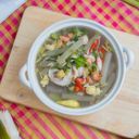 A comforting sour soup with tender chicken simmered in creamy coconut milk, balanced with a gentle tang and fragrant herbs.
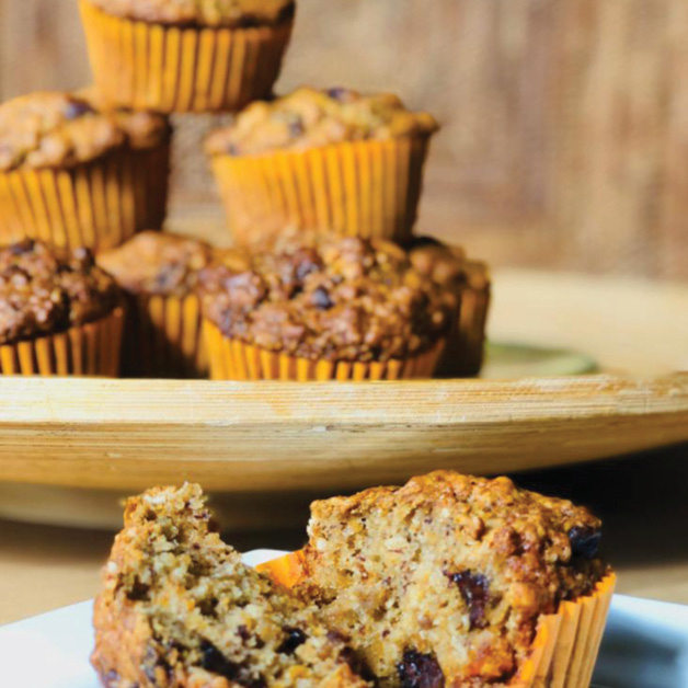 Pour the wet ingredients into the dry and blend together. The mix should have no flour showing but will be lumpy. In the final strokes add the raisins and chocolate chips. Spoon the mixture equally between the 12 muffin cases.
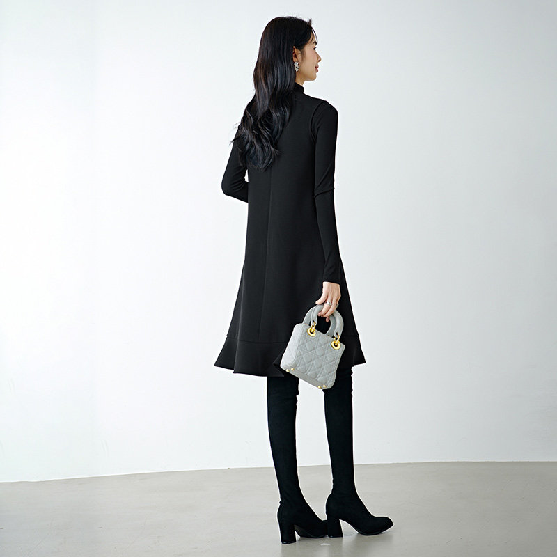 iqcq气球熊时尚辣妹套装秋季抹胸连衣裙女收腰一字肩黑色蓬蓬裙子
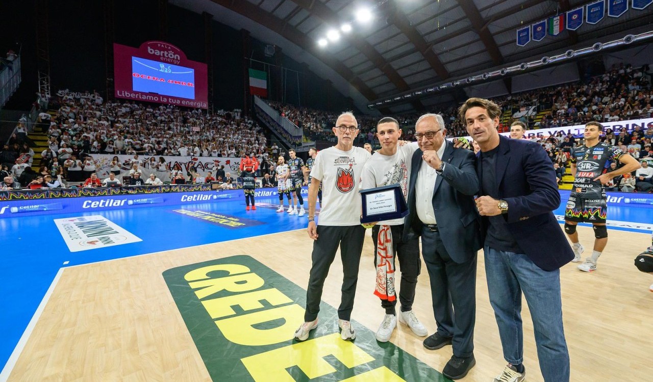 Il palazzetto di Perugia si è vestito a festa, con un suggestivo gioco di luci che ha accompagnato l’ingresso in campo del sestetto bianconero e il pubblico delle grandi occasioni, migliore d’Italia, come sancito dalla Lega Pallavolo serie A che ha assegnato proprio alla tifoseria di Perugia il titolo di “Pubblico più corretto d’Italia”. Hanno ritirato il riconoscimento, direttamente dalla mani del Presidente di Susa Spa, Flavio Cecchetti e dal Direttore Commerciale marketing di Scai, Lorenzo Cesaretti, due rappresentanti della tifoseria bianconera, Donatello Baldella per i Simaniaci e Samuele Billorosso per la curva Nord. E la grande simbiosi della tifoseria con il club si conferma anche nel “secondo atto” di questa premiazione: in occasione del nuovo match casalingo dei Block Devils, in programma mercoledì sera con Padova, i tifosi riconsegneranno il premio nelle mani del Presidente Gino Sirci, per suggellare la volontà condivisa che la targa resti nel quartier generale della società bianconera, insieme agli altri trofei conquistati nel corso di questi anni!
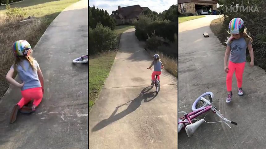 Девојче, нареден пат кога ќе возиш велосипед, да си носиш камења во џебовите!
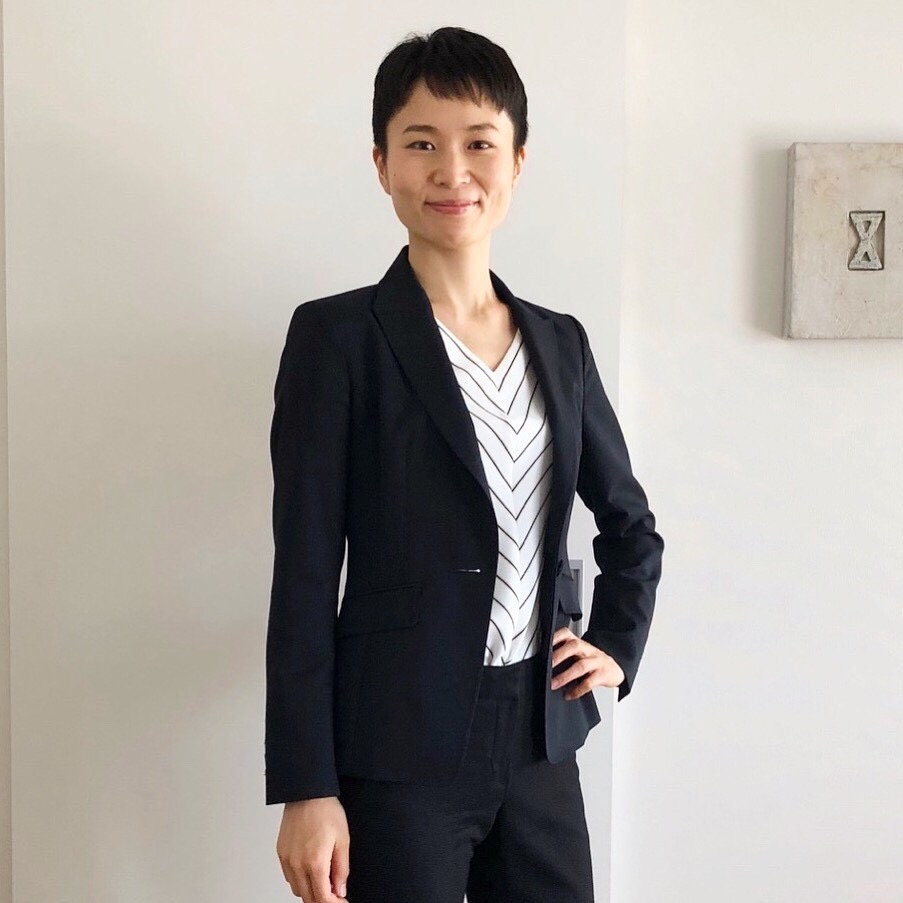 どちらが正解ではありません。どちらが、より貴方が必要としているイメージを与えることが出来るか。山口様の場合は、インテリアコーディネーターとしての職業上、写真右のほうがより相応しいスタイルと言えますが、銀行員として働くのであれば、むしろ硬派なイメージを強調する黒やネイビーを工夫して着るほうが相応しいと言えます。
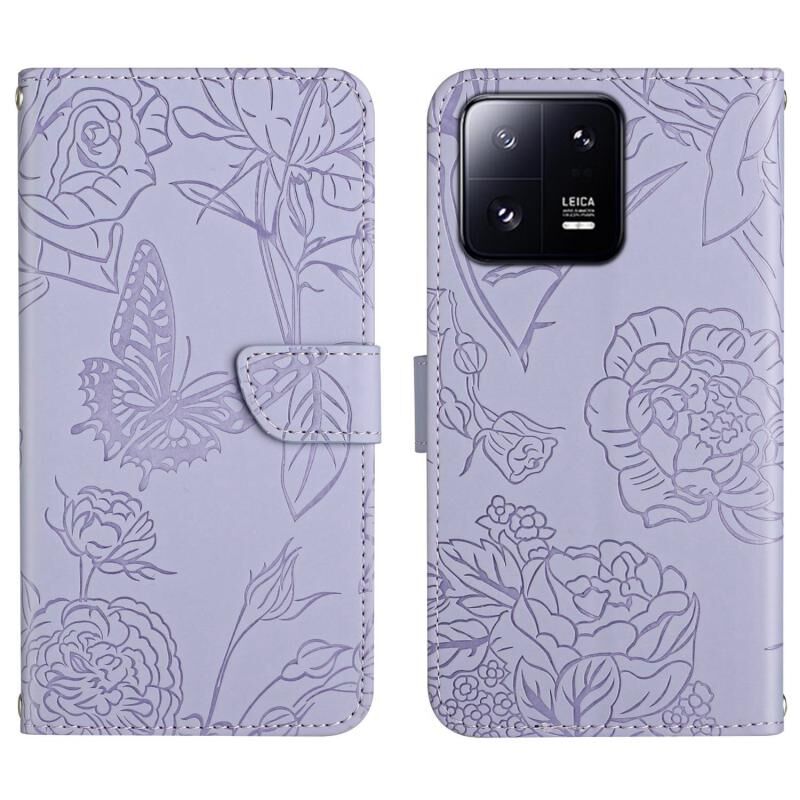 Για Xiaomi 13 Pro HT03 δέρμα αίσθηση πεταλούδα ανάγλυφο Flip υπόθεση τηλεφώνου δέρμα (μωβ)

════════════════════

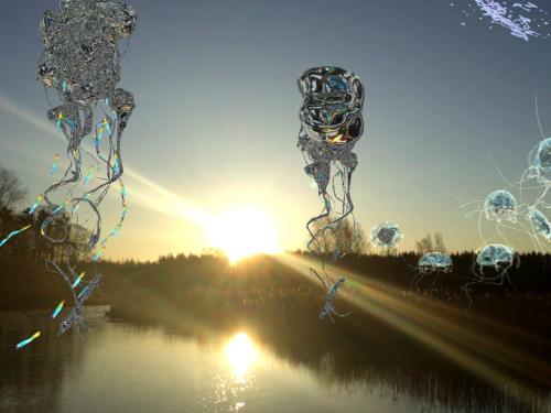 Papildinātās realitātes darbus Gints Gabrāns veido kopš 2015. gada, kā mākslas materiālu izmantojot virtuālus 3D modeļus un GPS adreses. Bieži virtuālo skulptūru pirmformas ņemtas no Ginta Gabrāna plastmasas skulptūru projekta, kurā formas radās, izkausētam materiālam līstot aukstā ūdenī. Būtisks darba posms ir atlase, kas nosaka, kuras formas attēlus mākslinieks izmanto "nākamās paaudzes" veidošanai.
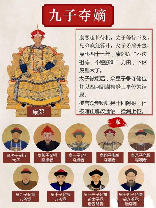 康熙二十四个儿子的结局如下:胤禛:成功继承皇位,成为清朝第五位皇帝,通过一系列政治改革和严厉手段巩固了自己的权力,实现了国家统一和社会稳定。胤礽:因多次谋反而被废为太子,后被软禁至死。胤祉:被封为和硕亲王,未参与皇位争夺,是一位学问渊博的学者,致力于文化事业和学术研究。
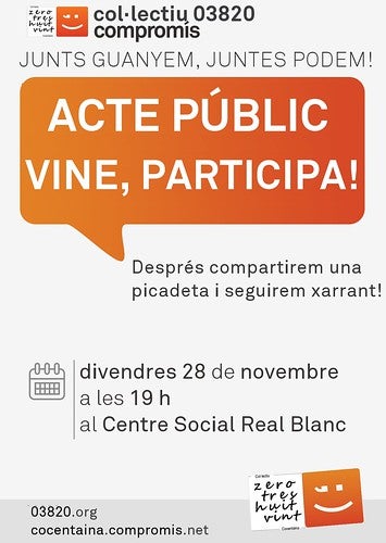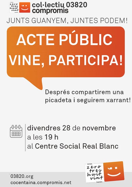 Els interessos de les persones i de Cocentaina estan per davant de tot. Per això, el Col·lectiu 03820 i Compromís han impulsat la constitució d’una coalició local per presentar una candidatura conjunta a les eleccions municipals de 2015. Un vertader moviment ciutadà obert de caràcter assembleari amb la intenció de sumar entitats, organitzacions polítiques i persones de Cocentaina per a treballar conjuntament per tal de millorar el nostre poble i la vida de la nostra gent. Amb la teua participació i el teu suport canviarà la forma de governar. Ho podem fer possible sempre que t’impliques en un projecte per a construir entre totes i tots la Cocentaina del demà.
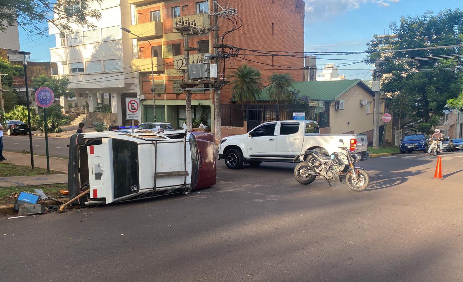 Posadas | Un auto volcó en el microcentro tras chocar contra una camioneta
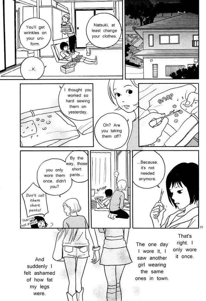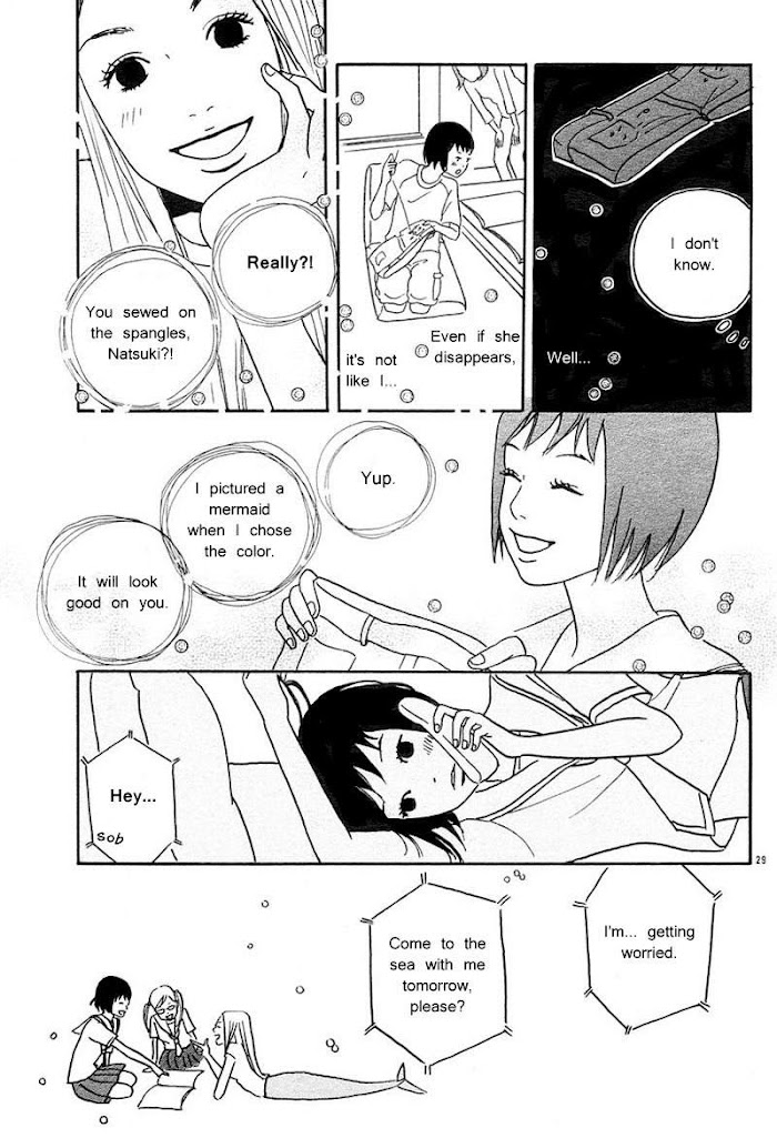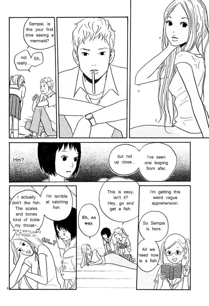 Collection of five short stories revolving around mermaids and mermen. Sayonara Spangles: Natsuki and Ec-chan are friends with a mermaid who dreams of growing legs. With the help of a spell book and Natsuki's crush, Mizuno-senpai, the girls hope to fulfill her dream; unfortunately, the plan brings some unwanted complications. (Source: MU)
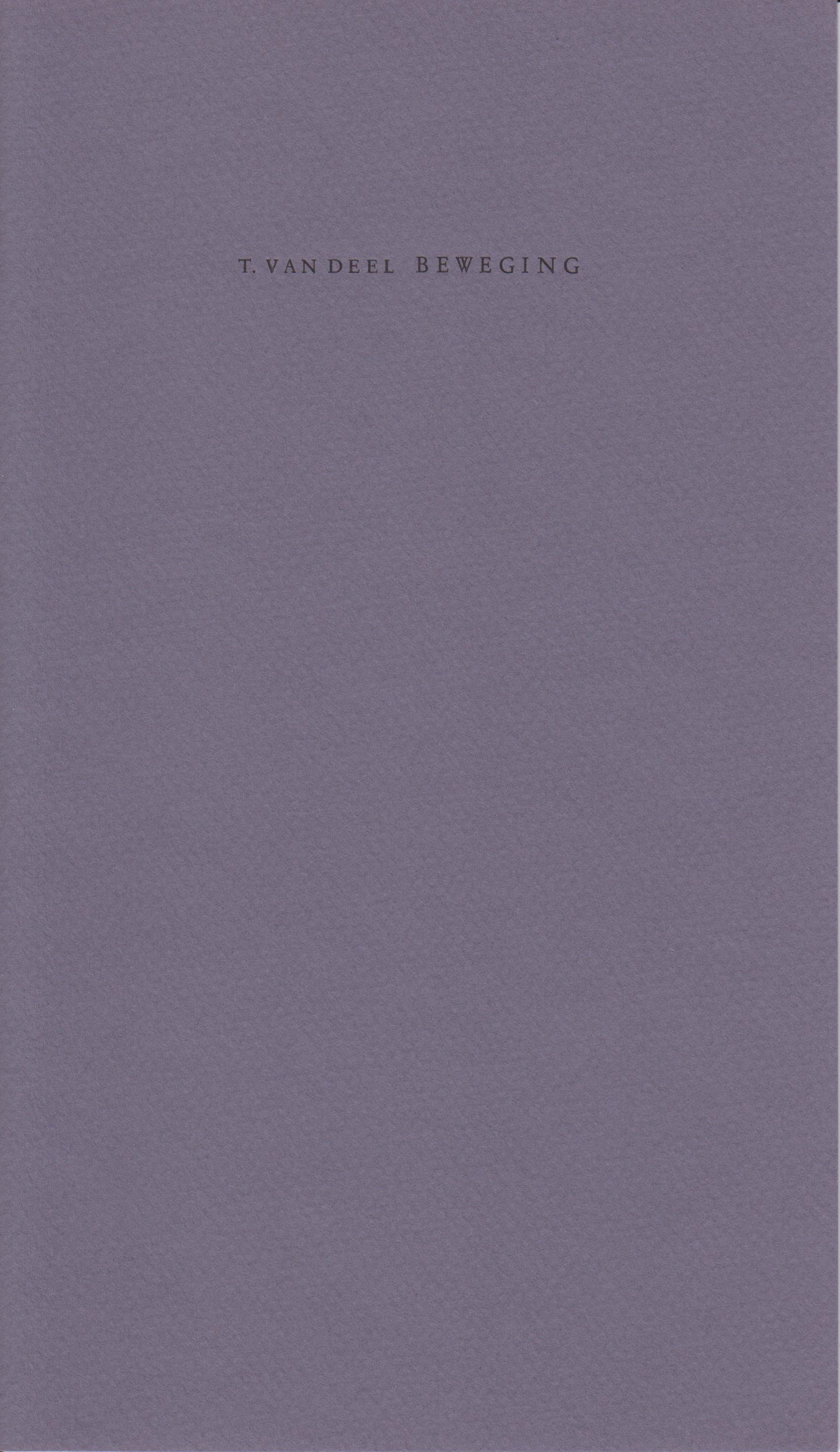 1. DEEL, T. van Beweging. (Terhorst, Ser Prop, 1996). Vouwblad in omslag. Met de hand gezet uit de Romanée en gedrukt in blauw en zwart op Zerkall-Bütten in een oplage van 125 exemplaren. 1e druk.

════════════════════

• **TASK GOAL**
Using the entries above, transcribe exactly from the line that has "どちらが正解ではありません。" through the line that has "Για Xiaomi 13". Pictures are dropped.

• **TASK RESPONSE**
 どちらが正解ではありません。どちらが、より貴方が必要としているイメージを与えることが出来るか。山口様の場合は、インテリアコーディネーターとしての職業上、写真右のほうがより相応しいスタイルと言えますが、銀行員として働くのであれば、むしろ硬派なイメージを強調する黒やネイビーを工夫して着るほうが相応しいと言えます。
 Για Xiaomi 13 Pro HT03 δέρμα αίσθηση πεταλούδα ανάγλυφο Flip υπόθεση τηλεφώνου δέρμα (μωβ)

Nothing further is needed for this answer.